双子パパになった不屈の自衛官は飽くなき愛で純真ママを取り戻す
なんでも乗れるなんてどうして思えたのだろう……。
「冴島さん、大丈夫?」
「大丈夫です、すみません……」
このテーマパークで絶叫系と言われている乗り物に三つ乗ったところで、私はひとりギブアップ。近くに設置されているベンチに座り込んだ。
砂羽さんだけでなく、木佐貫くんも瑠南ちゃんも心配そうに「大丈夫ですか?」と私を囲む。

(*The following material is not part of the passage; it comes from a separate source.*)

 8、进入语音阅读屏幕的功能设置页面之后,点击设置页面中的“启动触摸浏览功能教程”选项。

付き添いできているのに、場の空気を悪くしてしまった。
「ごめんね、大丈夫。少し休んでいるので、遊んでてもらえると……」
私に付き添って大事な時間を割かせてしまうのは申し訳ない。
砂羽さんもふたりに「あとで合流するから」と言ってふたりには引き続き遊んでもらうように言ってくれた。

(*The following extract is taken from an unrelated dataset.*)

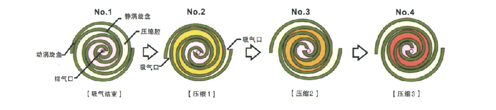 動(dòng)渦旋盤按照下圖NO.1 → NO.2 → NO.3 → NO.4的順序旋轉(zhuǎn),因此與點(diǎn)對稱的位置處的月牙形壓縮腔容量會(huì)逐步減小,氣體壓縮后從中心部的排氣口排出。

ふたりきりになると、砂羽さんは「ちょっと待ってて」とその場を離れる。すぐに戻ってきて、ミネラルウォーターのペットボトルを手渡してくれた。
「すみません、ありがとうございます」
「気分が落ち着くまで、無理しないで」
「はい……すみません、なんでも乗れるなんて言っておいて、ぜんぜんダメで」
情けないと思うと自然と声の調子も落ちてきて、暗い話し方になってくる。
そんな私を砂羽さんはははっと笑った。